What is the SMILES notation for [7-(4-acetyloxybutyl)phenanthren-2-yl] 2-methylprop-2-enoate?
The canonical SMILES for [7-(4-acetyloxybutyl)phenanthren-2-yl] 2-methylprop-2-enoate is C=C(C)C(=O)Oc1ccc2c(ccc3cc(CCCCOC(C)=O)ccc32)c1.
What is the InChIKey of [7-(4-acetyloxybutyl)phenanthren-2-yl] 2-methylprop-2-enoate?

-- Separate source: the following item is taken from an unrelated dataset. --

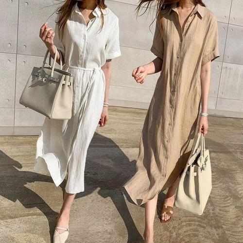 [에이치플러스몰]린넨원피스 셔츠 반팔 롱원피스 여름 루즈핏 데일리

The InChIKey is MFKBDVLLCWYVQZ-UHFFFAOYSA-N. The full InChI is InChI=1S/C24H24O4/c1-16(2)24(26)28-21-10-12-23-20(15-21)9-8-19-14-18(7-11-22(19)23)6-4-5-13-27-17(3)25/h7-12,14-15H,1,4-6,13H2,2-3H3.
What are the key properties of [7-(4-acetyloxybutyl)phenanthren-2-yl] 2-methylprop-2-enoate?
[7-(4-acetyloxybutyl)phenanthren-2-yl] 2-methylprop-2-enoate has a molecular weight of 376.45 g/mol, XLogP of 5.36, 7 rotatable bonds, 0 hydrogen bond donors, and 4 hydrogen bond acceptors.
Where does this data come from?
All data for [7-(4-acetyloxybutyl)phenanthren-2-yl] 2-methylprop-2-enoate is sourced from PubChem (CID 123250548), the world's largest open chemistry database maintained by the National Library of Medicine (NIH).